A previous version of the bill set a percentage amount (25% of compute compared to the original model’s pre-training compute) one would need to exceed to make the model the responsibility of the entity fine-tuning the model. But the latest version of the bill backs off this percentage of compute framework for derivative models in favor of the compute threshold and clarifies that modifications that fall outside of the definition of “fine-tuning” do not count towards this threshold.
It’s a lot of math for state legislation. But it’s clear that there’s an attempt to find a balance between excluding users that make some straightforward adjustments to frontier models for their own purposes (e.g., training it on their company’s data) while including modifications of these powerful models that could enhance the potential hazards that these AI safety bills are trying to avoid in the first place.

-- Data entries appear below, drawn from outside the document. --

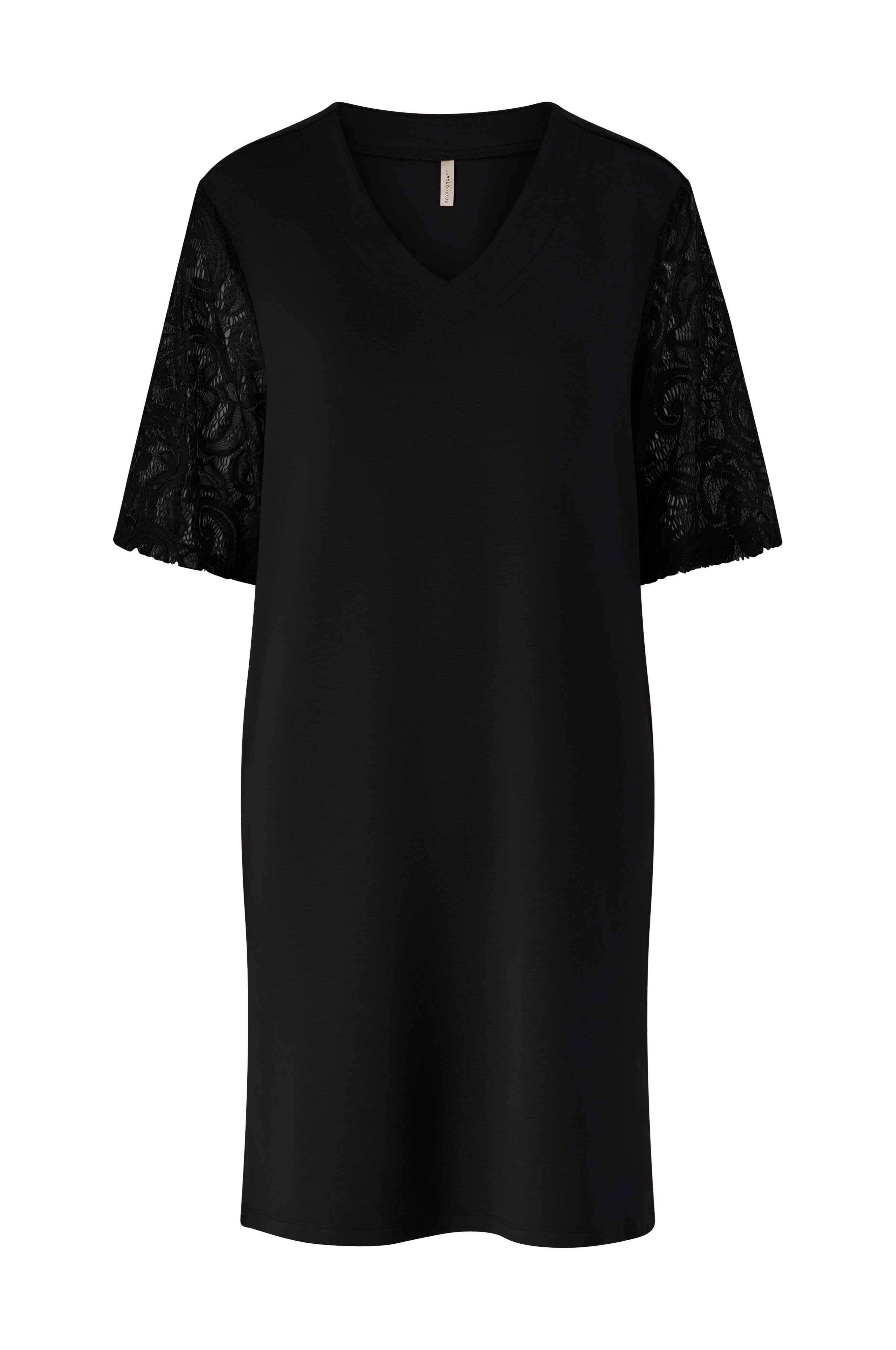• Myk, stretchy kjole• V-formet hals• Korte ermer i blonde• Sidelommer• Lengde: 96 cm i størrelse S
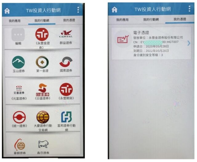 - 下載「TW投資人行動網」App後將App打開,將「我的行動網」中,增加選取往來的券商,依照各券商憑證申請流程申請至少一張憑證,申請完畢可以在「我的憑證」中看到該憑證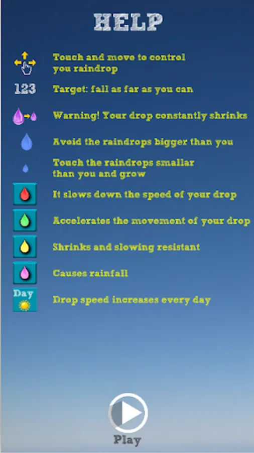 Touch and move to control you raindrop.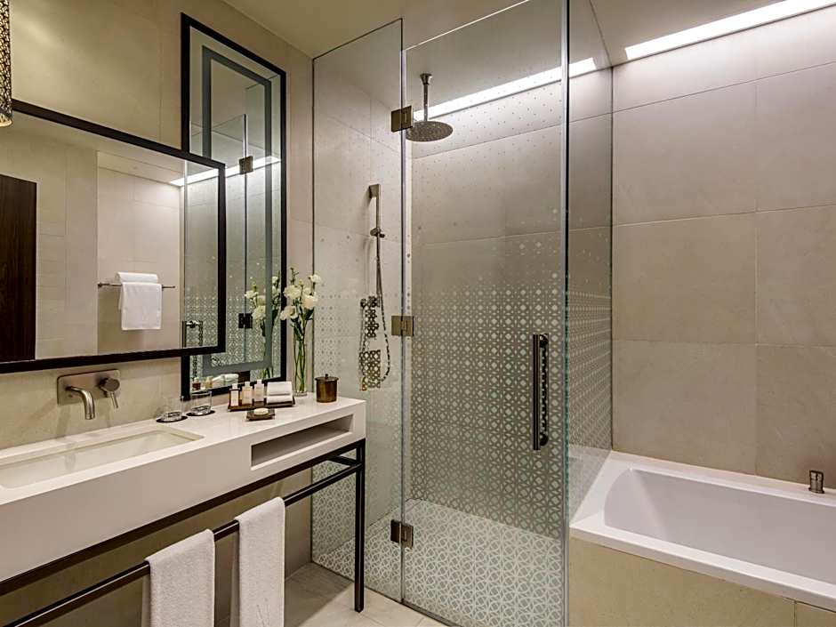 The spacious suite provides air conditioning, soundproof walls, a terrace with city views as well as a private bathroom featuring a bath.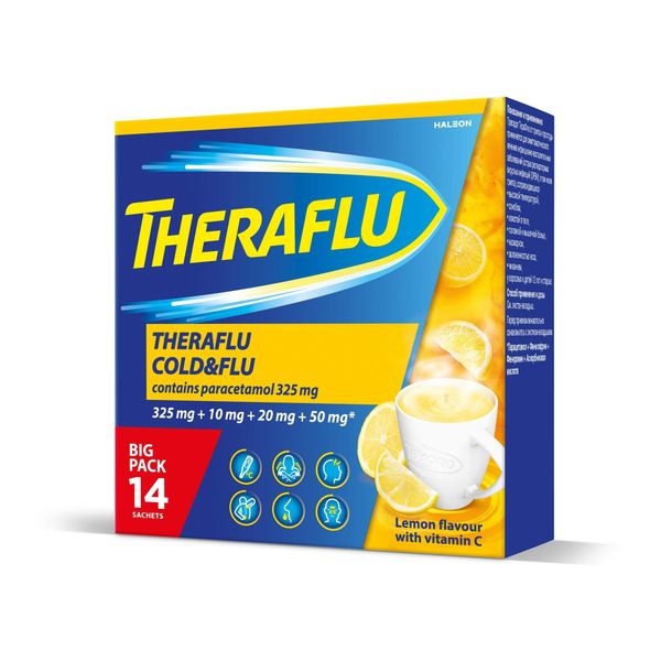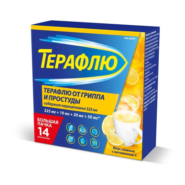 ТераФлю порошок для приготовления раствора для приема внутрь со вкусом лимона 325мг+10мг+20мг+50мг пакетики 22,1г №14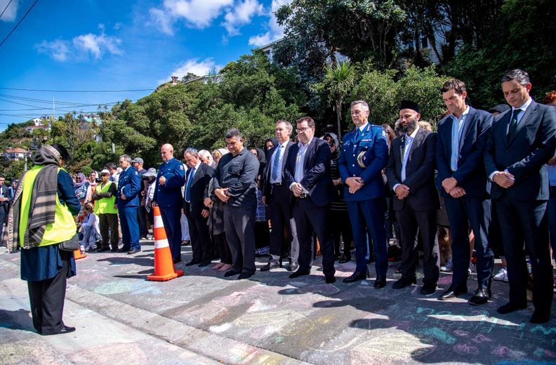ومع إذاعة الآذان في ارجاء البلاد، وقف الآلاف من بينهم رئيسة الوزراء جاسيندا أرديرن والناجون المصابون، في حديقة قبالة المسجد الذي بدأت فيه المذبحة المروعة.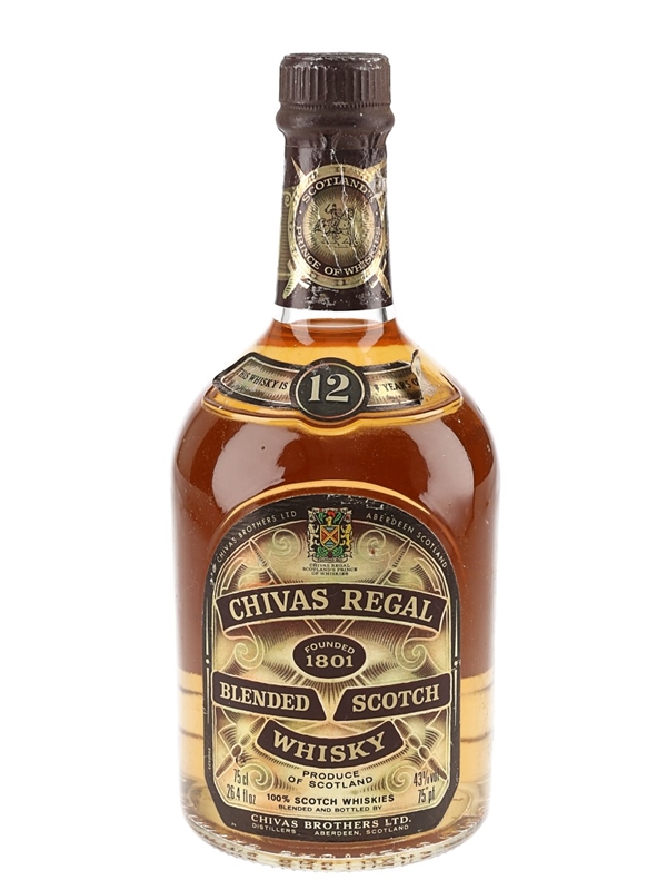 A bottle of Chivas Regal 12 Year Old Blended Scotch Whisky, blended by Chivas Brothers Ltd. We estimate this was bottled in the 1970s to 1980s.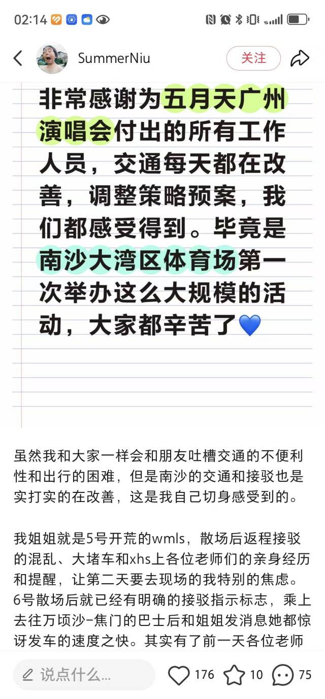 “上个星期的(WMLS)遇到一点点小阻碍,后面其实南沙区还是有很大的改进,已经听到民众的声音,有一直在进步。”从深圳自驾来的敏敏由衷希望明年五月天能够再来,“谢谢南沙文旅!”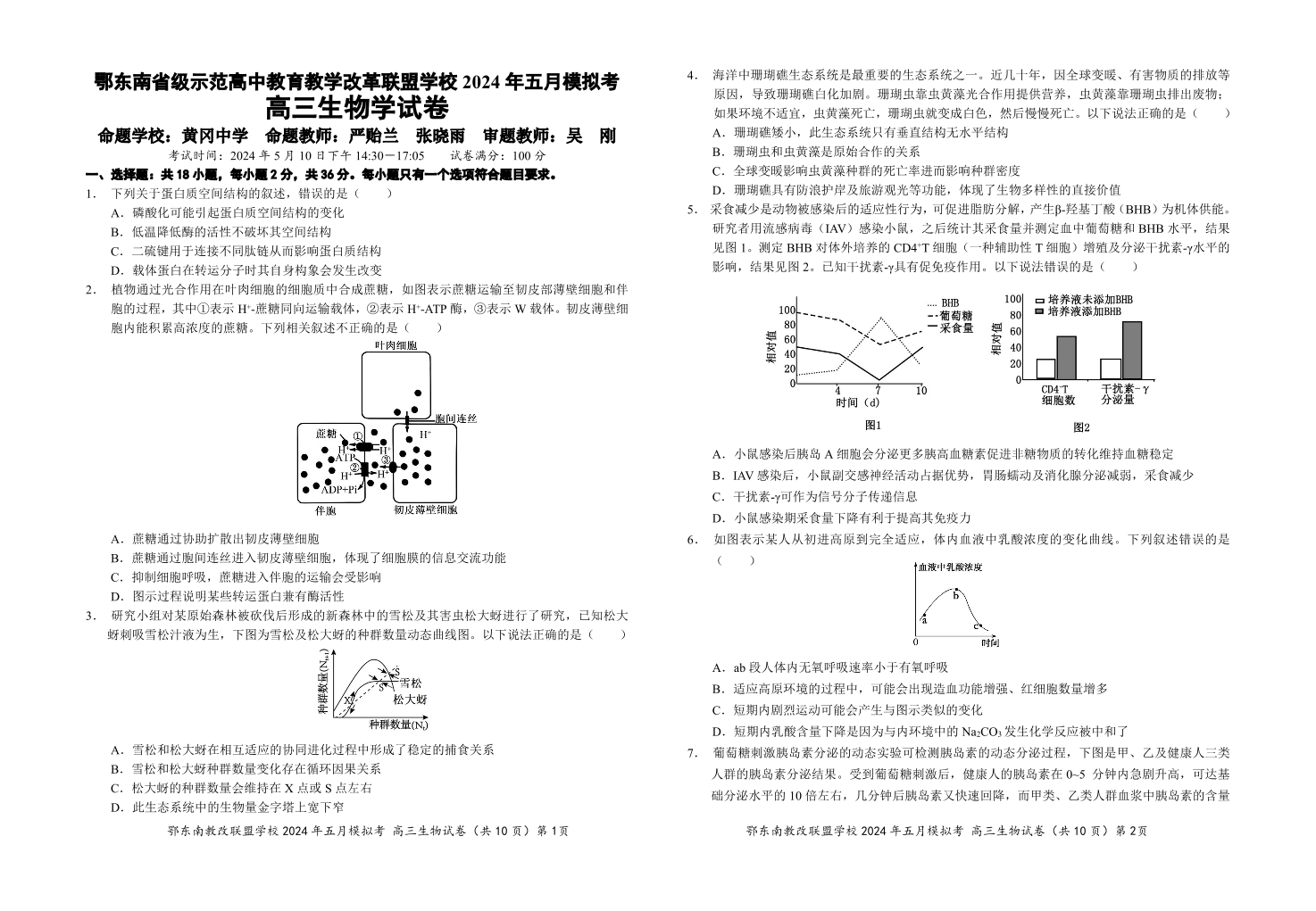 湖北省鄂东南省级示范高中教育教学改革联盟 2024 年高三五月模拟考生物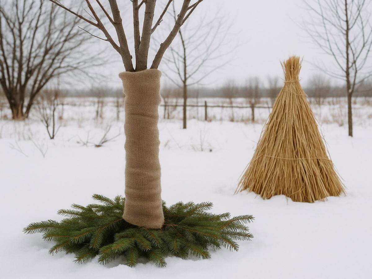 Еще один важный момент — мульчирование приствольных кругов перегноем: это сохраняет влагу и уменьшает промерзание корней. Также стоит позаботиться о снеге: если он выпал, создайте снежные холмики вокруг стволов и кустов для создания естественного утепления.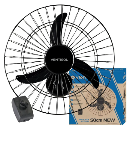 Ventilador De Parede Oscilante Preto 50cm New Plástico 130W 3 Pás Ventisol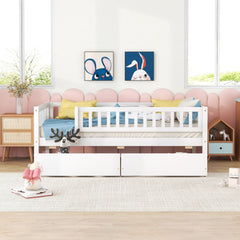 Twin Size Daybed With Trundle And Fence Guardrails - White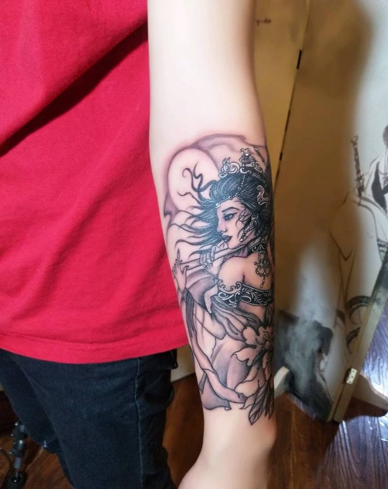 当前位置: 首页 >云南省昆明市纹身店-昆明 纹人墨刻刺青纹身图案>艺妓纹身图片_手臂传统人物昆明云南纹人墨刻修改成品纹身图案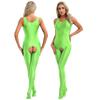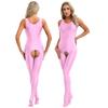 Damen Glatt Vollständige Abdeckung Offener Schritt Bodysuit U-Ausschnitt Ärmellos Fuß-Jumpsuit Glänzend Dehnbar Einfarbig Unitard Nachtwäsche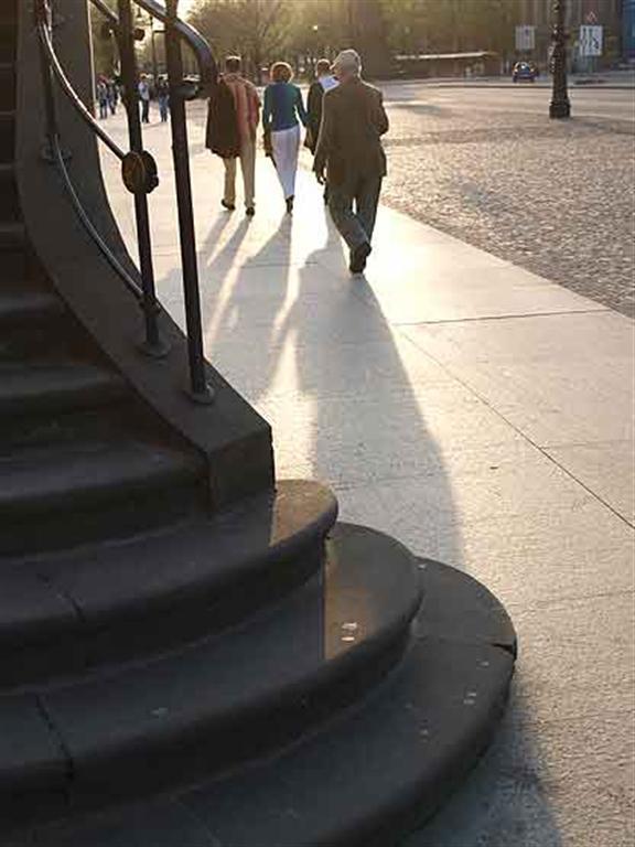 Det første stykke vei på vår reise fra vest mot øst heter Heerstrasse. Det navnet kjenner mange av oss, som reiste til Berlin før muren falt. Det var den eneste veien man kunne komme inn fra Danmark via. Fra Theodor-Heuss-Platz skifter aksen navn til Kaiserdamm (i bydelen Charlottenburg), deretter Bismarckstrasse og endelig Strasse des 17. Juni, et navn den fikk etter den mislykkede oppstanden mot den sovjetiske okkupasjonsmakten i 1953. Denne flotte og veldig brede bulevarden går forbi Tiergarten til den store plassen Grosser Stern med seierssøylen på toppen. Bare på strekningen gjennom Tiergarten er bulevarden 2,5 km lang og slutter ved Brandenburger Tor. Så starter den neste store bulevarden: Unter den Linden med en lang rekke bemerkelsesverdige bygninger, som jeg vil komme tilbake til.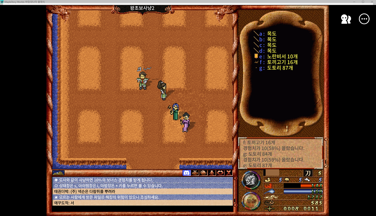 - 중급 사냥터 (20~50레벨): 구천 동굴, 도깨비 마을, 해골 동굴 등.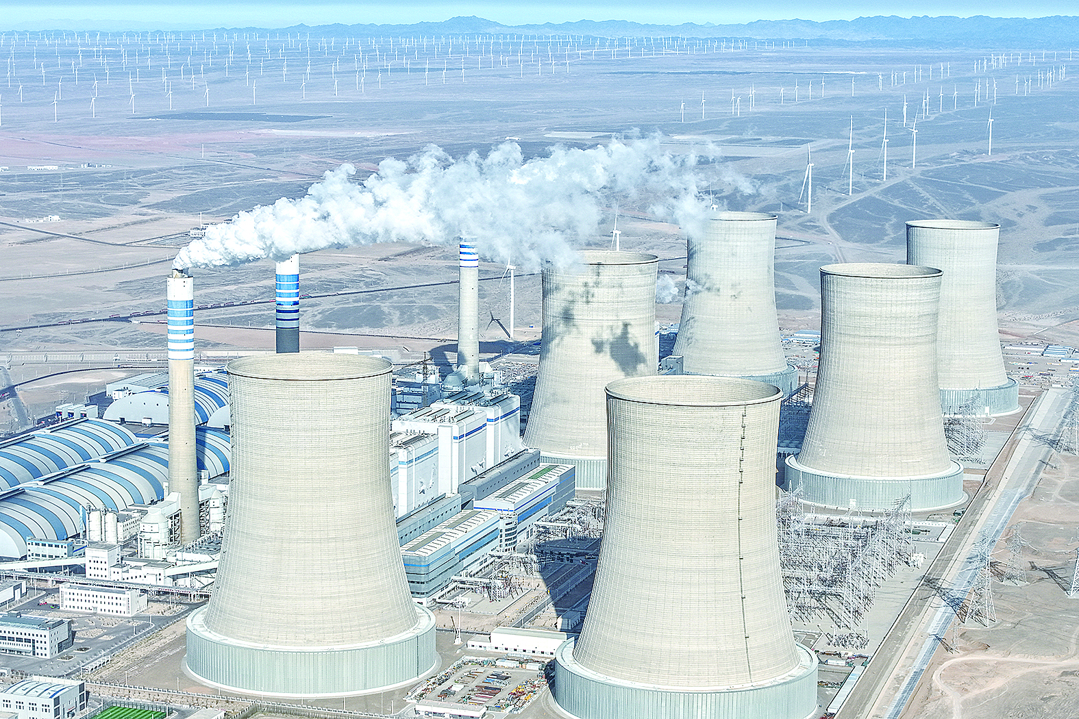 这是11月19日在甘肃省酒泉市瓜州县拍摄的甘肃电投常乐电厂外景(无人机照片)。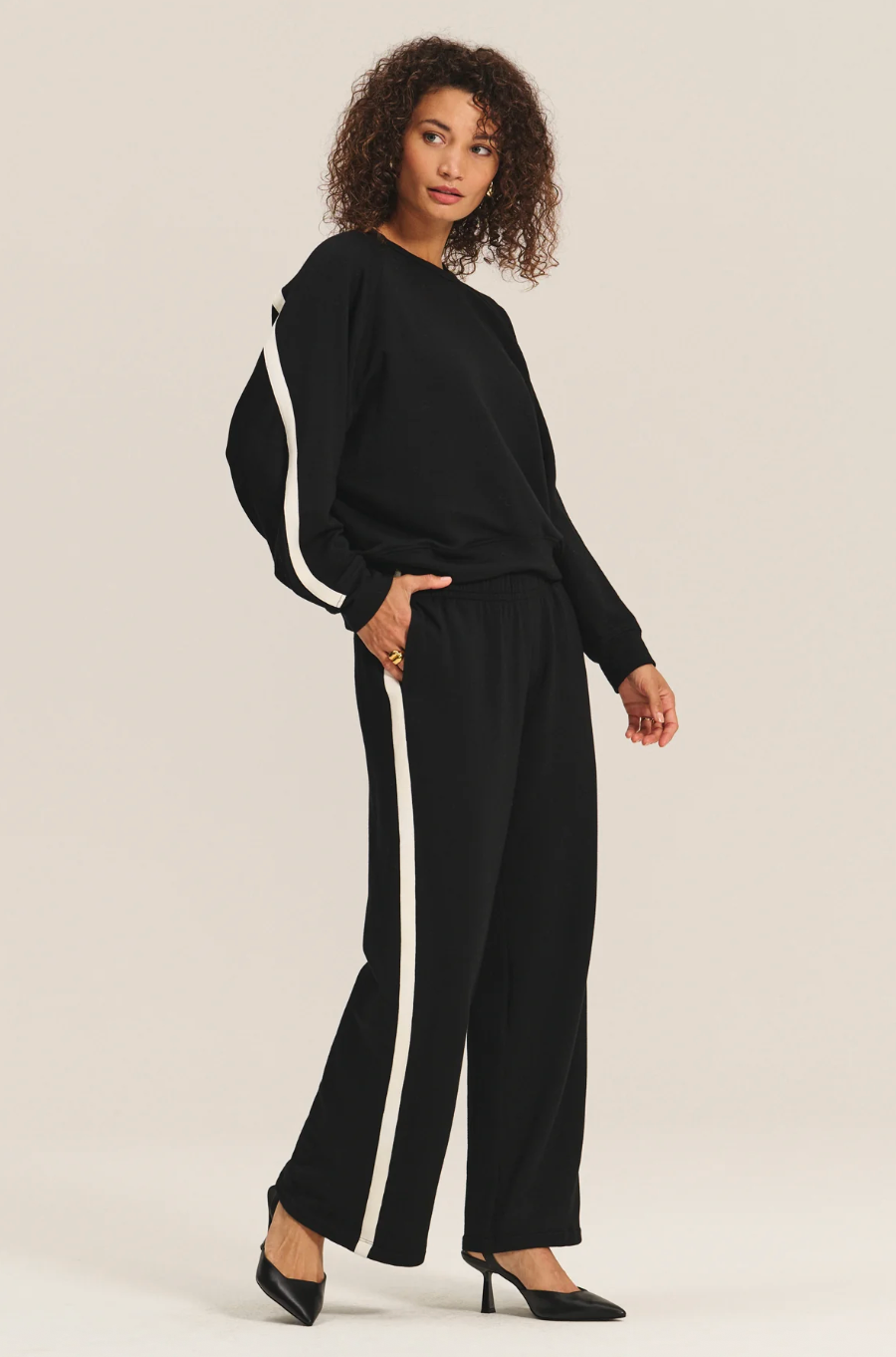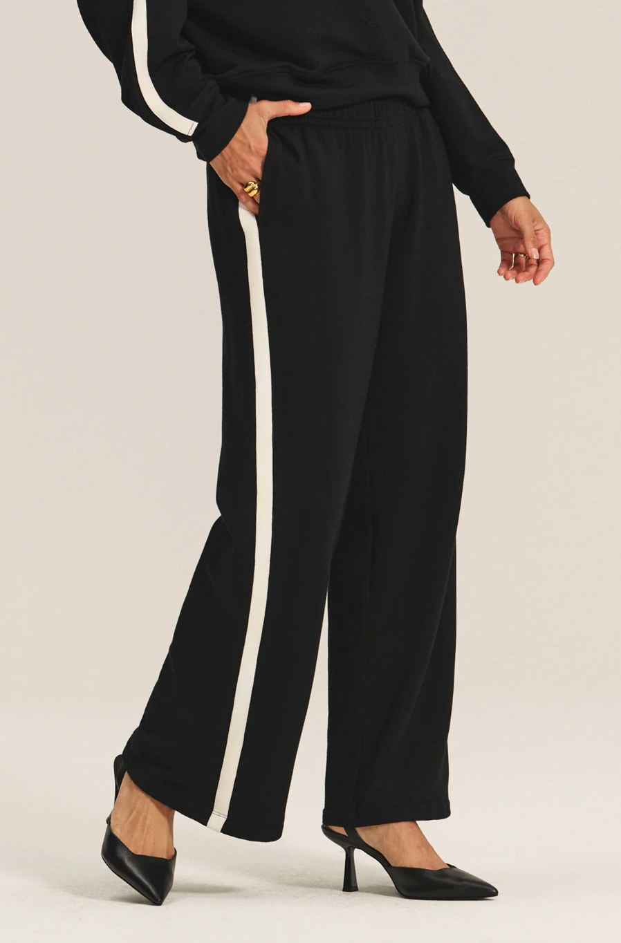 Crafted from midweight lush fleece, this sweatpant offers a relaxed wide-leg fit with an elastic pull-on waist for effortless comfort. Featuring contrasting color tape along the sides and two front pockets, it pairs perfectly with the Frankie Sweatshirt for a coordinated, modern look.

The mathematical formulas and legislative adjustments indicate that this is a hard balance to get right, and the fact that this technology is progressing at an exponential rate makes this an even more challenging job for policymakers — and is why lobbyists will need to keep a close eye on these esoteric definitions to avoid their own organization's uses of AI from falling within the new regulatory requirements.
Recent Developments
In the News
Llama 3.1: On Tuesday, Meta released the newest version of its open-source AI models, Llama 3.1. Its largest version hopes to rival the frontier models of the major AI developers and has 405 billion parameters, which are the elements users can adjust (Meta has also released smaller versions with 70 billion and 8 billion parameters).
Major Policy Action
Texas: We’re hearing that Rep. Capriglione (R) plans to unveil comprehensive AI legislation next month as lawmakers in the Lone Star State prepare for their biannual legislative session in early 2025. Rep. Capriglione, who serves on the NCSL AI Task Force with the authors of major AI bills in Colorado and Connecticut, could use those bills as a starting point, albeit with a “lighter regulatory touch” than blue states.
Delaware: Last Wednesday, Gov. Carney (D) signed an AI study bill (DE HB 333) into law. The new law creates the Delaware Artificial Intelligence Commission tasked with making recommendations to lawmakers on AI utilization and safety and requires an inventory of all current state uses of generative AI technology and identify high-risk areas for the implementation of AI.
New Hampshire: On Monday, Gov. Sununu (R) signed bills addressing sexual deepfakes (NH HB 1319) and state agency’s use of AI (NH HB 1688) into law. The first new law amends the crime of nonconsensual dissemination of private sexual images to include certain synthetic sexual images. The second bill restricts the ways that state agencies can use AI.
Wisconsin: On Wednesday, the Legislative Council Study Committee on the Regulation of Artificial Intelligence held its first meeting, focusing on the impact on the state workforce. The group will meet again in August to discuss deepfakes and the role of AI in misinformation.
New Jersey: On Thursday, Gov. Murphy (D) signed a bill (NJ SB 3432) to create the Next New Jersey Program to attract new investment to the state in the artificial intelligence industry through tax credits. Businesses with agreements with the New Jersey Economic Development Authority will be eligible for a tax credit equalling the lesser of the product of 0.1% of the eligible business’s total capital investment multiplied by the number of new full-time jobs; 25% of the eligible business’s total capital investment; or $250 million.